Тэд ласково провел по спинке девочки, потрогал хвостик ее светлой косички.

— Да, малышка. Да. Ну пусть спит спокойно… сегодня.

Девочка чуть ближе к нему и подальше от лампы отодвинулась. Нагнулась и шепотом спросила.

— А какой был конец у глупой лисы?

— Печальный. Печальный, милая Алиса. На следующий день вечером глупая лиса приступила к самостоятельному бизнесу. Но птичница предупредила хозяина фабрики о лисах, гуляющих в округе. Умный охотник притаился невдалеке. И когда глупая лиса сложила лапы и закатила глаза так, что муха залетает в пасть, а она не шелохнется, он тут же ее и пристрелил.

Не было зла в глазах у девочки. Но радость от справедливого наказания бессовестной лисы удовлетворила ее.

Она открыла книгу, прочла задачу, что-то там подумала про себя, и аккуратно записала решение в тетрадь.

От девочки Лоренс уже получил подарок за мудрую сказку.

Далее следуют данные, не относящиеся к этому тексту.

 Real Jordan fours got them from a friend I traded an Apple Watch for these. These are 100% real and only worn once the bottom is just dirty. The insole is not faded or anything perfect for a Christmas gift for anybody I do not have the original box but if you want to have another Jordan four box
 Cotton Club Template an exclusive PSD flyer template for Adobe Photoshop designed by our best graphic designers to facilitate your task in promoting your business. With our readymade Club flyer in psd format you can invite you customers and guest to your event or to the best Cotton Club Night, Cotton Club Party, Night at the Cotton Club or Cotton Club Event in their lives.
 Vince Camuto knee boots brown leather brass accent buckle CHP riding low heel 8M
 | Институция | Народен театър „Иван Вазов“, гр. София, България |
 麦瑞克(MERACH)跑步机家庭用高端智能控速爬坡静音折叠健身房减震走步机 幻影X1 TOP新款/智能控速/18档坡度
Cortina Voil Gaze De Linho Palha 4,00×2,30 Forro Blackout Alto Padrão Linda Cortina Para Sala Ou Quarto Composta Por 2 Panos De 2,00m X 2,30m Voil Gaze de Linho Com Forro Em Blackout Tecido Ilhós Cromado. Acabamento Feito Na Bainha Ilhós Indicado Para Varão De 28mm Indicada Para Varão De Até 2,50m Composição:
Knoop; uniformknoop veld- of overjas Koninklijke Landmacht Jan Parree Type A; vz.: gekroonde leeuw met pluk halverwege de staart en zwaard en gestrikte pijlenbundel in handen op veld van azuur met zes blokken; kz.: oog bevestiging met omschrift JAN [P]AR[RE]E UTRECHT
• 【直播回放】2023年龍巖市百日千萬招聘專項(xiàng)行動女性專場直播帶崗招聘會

Розы, выращенные ею, всегда восхищали и умиляли его близких. Любимых им людей.

* * *

Был понедельник. Тяжелый день для Чарльза. Налоговая полиция, вдруг разведав про его тайные, скрытые от налога доходы от спекуляций акциями медеплавильных заводов, о которых даже Лоренс старший не знал до сего момента, взялась за расследование всех финансовых дел коммерсанта.

Бизнес есть бизнес. Хоть коммерческий, хоть налоговый.

Глава 4

Театр взрывался аплодисментами и вновь стихал.

Эдуард Лоренс любовался итальянской балериной. На лице была прозрачная улыбка. Он был спокоен. В лице его „вечно“ спокойном не засветилась ни одна эмоция. Чувство любования балериной было спрятано им глубже глубокого. Правда, проблема среднего брата немного омрачала его приятные раздумья.

Эдуард почувствовал на себе взгляд невесты. Улыбнулся ей, как всегда, одними губами и опять отвел взгляд к сцене. Нечто, божественно порхающее там в наряде любимейшей из женщин мужественного Спартака, притягивало взгляд окружного прокурора.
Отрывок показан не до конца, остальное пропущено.